We analyzed the results of epidemiologic studies of infection caused by ESBL-producing Enterobacteriaceae in nonhospitalized patients from 6 centers in Europe, Asia, and North America. Risk factors for infection with an ESBL-producing organism were identified by univariate and multivariate analyses.

RESULTS

A total of 983 patient-specific isolates were reviewed (890 [90.5%] of which were Escherichia coli, 68 [6.9%] of which were Klebsiella species, and 25 [2.5%] of which were Proteus mirabilis); 339 [34.5%] of the isolates produced ESBLs. CTX-M types were the most frequent ESBLs (accounting for 65%). Rates of co-resistance to ciprofloxacin among ESBL-producing isolates were high (>70%), but significant variation was seen among centers with respect to rates of resistance to gentamicin, amoxicillin-clavulanate, and trimethoprim-sulfamethoxazole. Similar risk factors for infection with an ESBL-producing organism were found in the different participating centers. Significant risk factors, identified by multivariate analysis, were recent antibiotic use, residence in a long-term care facility, recent hospitalization, age 65 years, and male sex (area under the receiver-operator characteristic [ROC] curve, 0.80).

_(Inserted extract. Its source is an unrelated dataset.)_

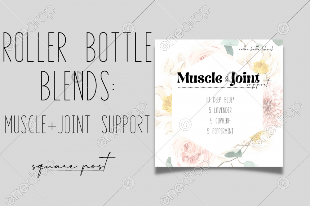 Square post detailing the oils used to make the roller that will support healthy muscles and joints. Watercolor, boho, floral.

However, 34% of ESBL-producing isolates (115 of 336 isolates) were obtained from patients with no recent health care contact; the area under the ROC curve for the multivariate model for this group of patients was only 0.70, which indicated poorer predictive value.

CONCLUSIONS

Community-acquired ESBL-producing Enterobacteriaceae are now prevalent worldwide, necessitating international collaboration. Novel approaches are required to adequately address issues such as empirical treatment for severe community-acquired infection and infection control.

摘要

背景

产超广谱β-内酰胺酶(ESBL)肠杆菌科细菌引起的感染日益增多,且与高死亡率相关。社区中CTX-M型ESBL的传播尤为令人担忧,因为这可能会使标准感染控制措施变得复杂。

方法

我们分析了来自欧洲、亚洲和北美的6个中心的非住院患者中产ESBL肠杆菌科细菌感染的流行病学研究结果。通过单因素和多因素分析确定产ESBL生物体感染的危险因素。

结果

共审查了983株患者特异性分离株(其中890株[90.5%]为大肠埃希菌,68株[6.9%]为克雷伯菌属,25株[2.5%]为奇异变形杆菌);339株[34.5%]分离株产ESBL。CTX-M型是最常见的ESBL(占65%)。产ESBL分离株对环丙沙星的共耐药率很高(>70%),但各中心对庆大霉素、阿莫西林-克拉维酸和甲氧苄啶-磺胺甲恶唑的耐药率存在显著差异。不同参与中心发现了产ESBL生物体感染的类似危险因素。多因素分析确定的显著危险因素为近期使用抗生素、居住在长期护理机构、近期住院、年龄≥65岁和男性(受试者工作特征[ROC]曲线下面积,0.80)。然而,34%的产ESBL分离株(336株中的115株)来自近期无医疗接触的患者;该组患者多因素模型的ROC曲线下面积仅为0.70,这表明预测价值较差。

结论

社区获得性产ESBL肠杆菌科细菌目前在全球普遍存在,需要国际合作。需要新的方法来充分解决诸如严重社区获得性感染的经验性治疗和感染控制等问题。